The OGTT conducted after 2 weeks of the administration of antidiabetic drugs demonstrated the positive dynamics in IR correction. FBG in the IR group was significantly higher compared with the IC group, which remained practically at the same level from the beginning of the experiment. The administration of PE + Arg and metformin reduced basal glycemia (compared with the IR group) by 22.6% and 26.7%, respectively (Figure 4A). However, the main aim of this test was to evaluate the tolerance to glucose in dynamics. A significant difference in glucose tolerance between the rats in an IR group compared with the rats in an IC group has been found (Figure 4A). After a “glucose load”, glycemia in the rats of an IR group increased by 18.6% compared with the rats of an IC group, and this increase was found even after 120 min (Figure 4A). The administration of PE + Arg, PE, and positive control drugs clearly prevented the increase in glycemia in the rats. For example, at the time point of 90 min, the administration of PE + Arg decreased glycemia by 28.9%, “Arphazetin” by 21.6%, and metformin by 20.5% compared with the IC group. The present results showed that the treatment of rats with PE + Arg exceeded the OGT effect of “Arphazetin”, and showed an even comparable OGT effect to the administration of metformin in the OGTT. This was also demonstrated by the AUC calculation based on the results of the OGTT (Figure 4B). Accordingly, the AUC value for the rats in the PE + Arg group was 786 mmol/L × min, which was 19.4% less than the AUC value obtained with the rats in the IR group and even 4.8% less than the AUC for the rats in the IR + Arph group.

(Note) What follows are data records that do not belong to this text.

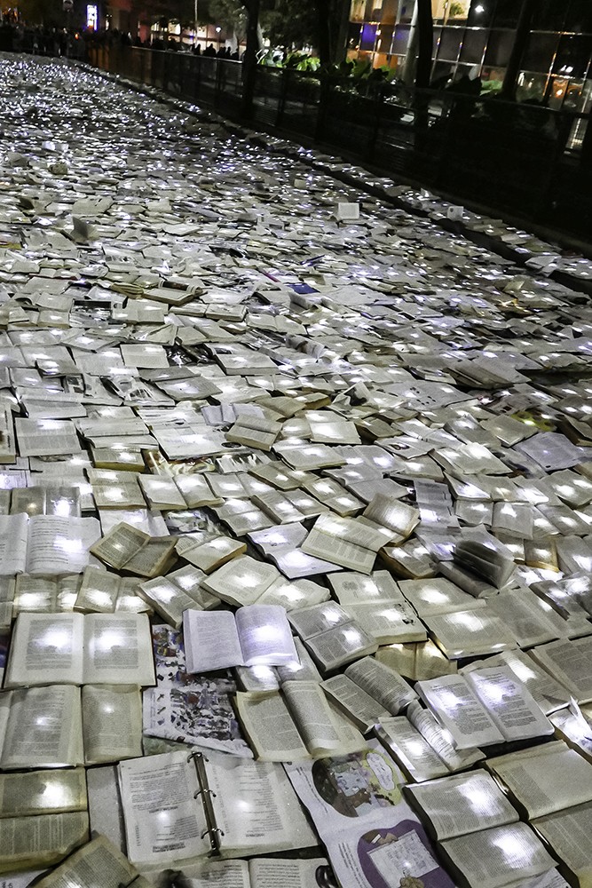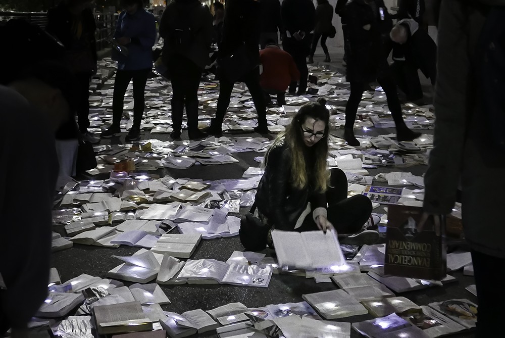 Tilfældige forbipasserende blev mødt af en usædvanlig scene på Hagerman Street i Toronto. Luzinterruptus, en anonym kunstgruppe fra Spanien, som er berømt for indgreb i offentlige rum (svarende til vores Prostoroževka), dækkede gaden med ti tusinde bøger!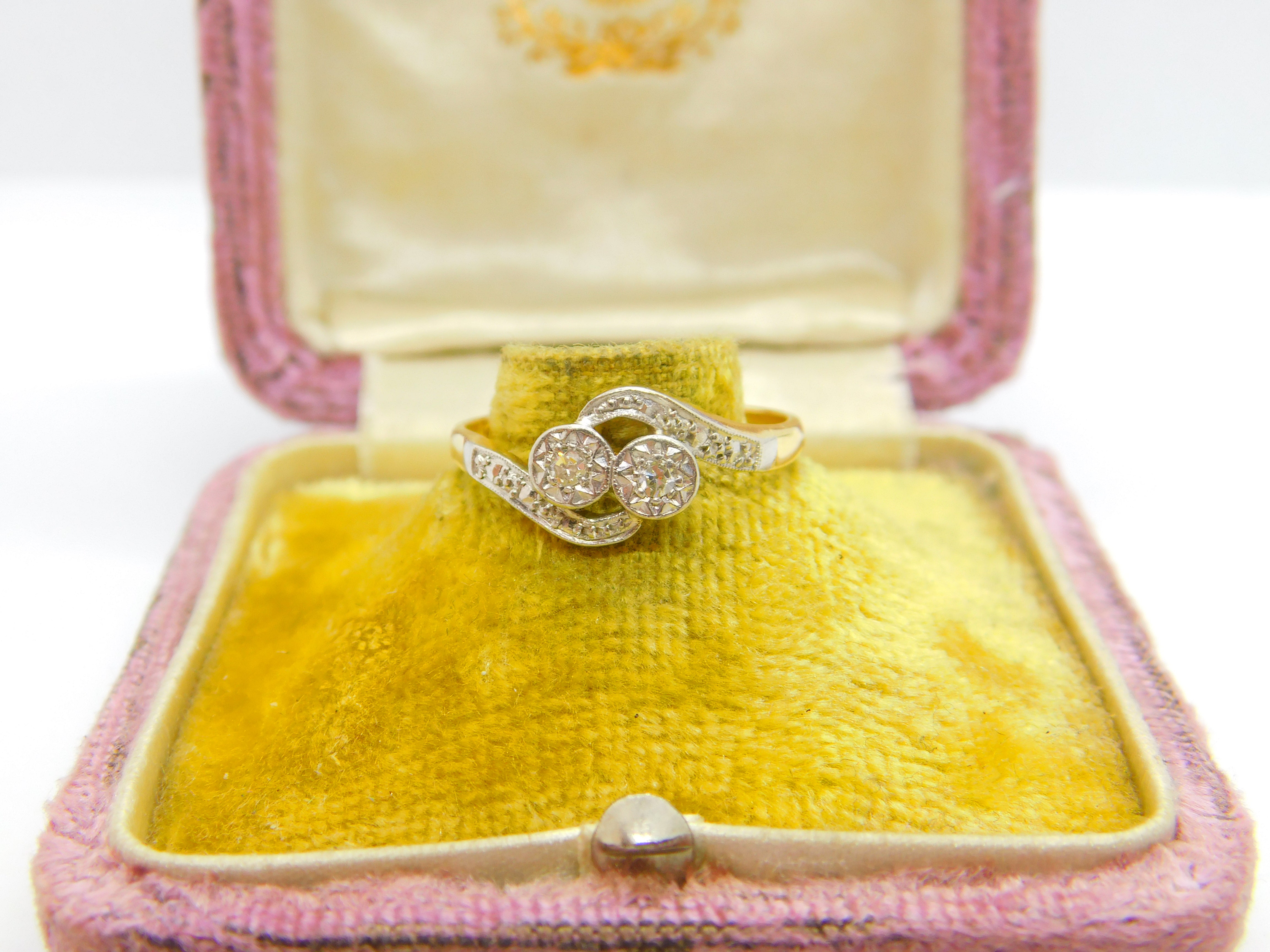 18ct Yellow Gold & 0.2ct Diamond Platinum Set Crossover Ring c1930 Art Deco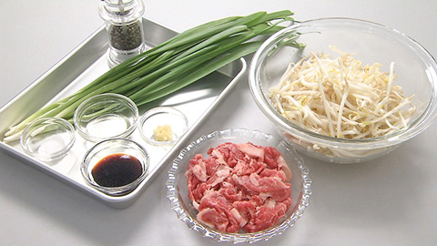 - 牛こま肉は、粗く刻んで、オイスターソースとおろしニンニクで下味をつけます。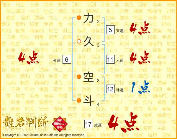 力久空斗さんの総運は17画の4点!

As shown in Figure 4C, the HOMA-IR index for the rats fed with HFD (IR group) was significantly higher compared with the corresponding index for healthy animals (IC group). It is evident that the administration of PE and PE + Arg to rats partially restores the insulin concentration and, consequently, the value of HOMA-IR to control levels, which is comparable with reference medications (Figure 4C).
The sensitivity of peripheral tissues to insulin action was studied with the model of ITT. As shown in Figure 5, the ITT results indicate the development of IR in the rats of an IR group compared with the rats of an IC group. With the rats administered with IR + PE + Arg, the reduction of glucose level during the ITT was higher (p < 0.05) compared with the rats in the IR group. However, the difference in the reduction of glucose level was not statistically significant between the rats administered with IR + PE + Arg and the rats in the IC group. Interestingly, there was no statistically significant difference in glucose levels between the rats in the IR + Met group (Figure 5B). As seen in Figure 5, a significant decrease in insulin sensitivity was found in the rats of the IR group when conducting ITT. In the IR group, the glucose concentration decreased by only 19.7%, which is 27.4% less than in the IC group after 30 min from a zero point. As for reference medications, the insulin sensitivity coefficient increased and reached 31.9 and 41.2%, respectively. In support of this view, insulin sensitivity coefficients decreased under the ITT test, and the HOMA-IR levels were found to be higher in the rats of an IR group as compared with the rats of an IC group. PE + Arg supplementation partially restored the insulin sensitivity coefficient and HOMA-IR to control levels.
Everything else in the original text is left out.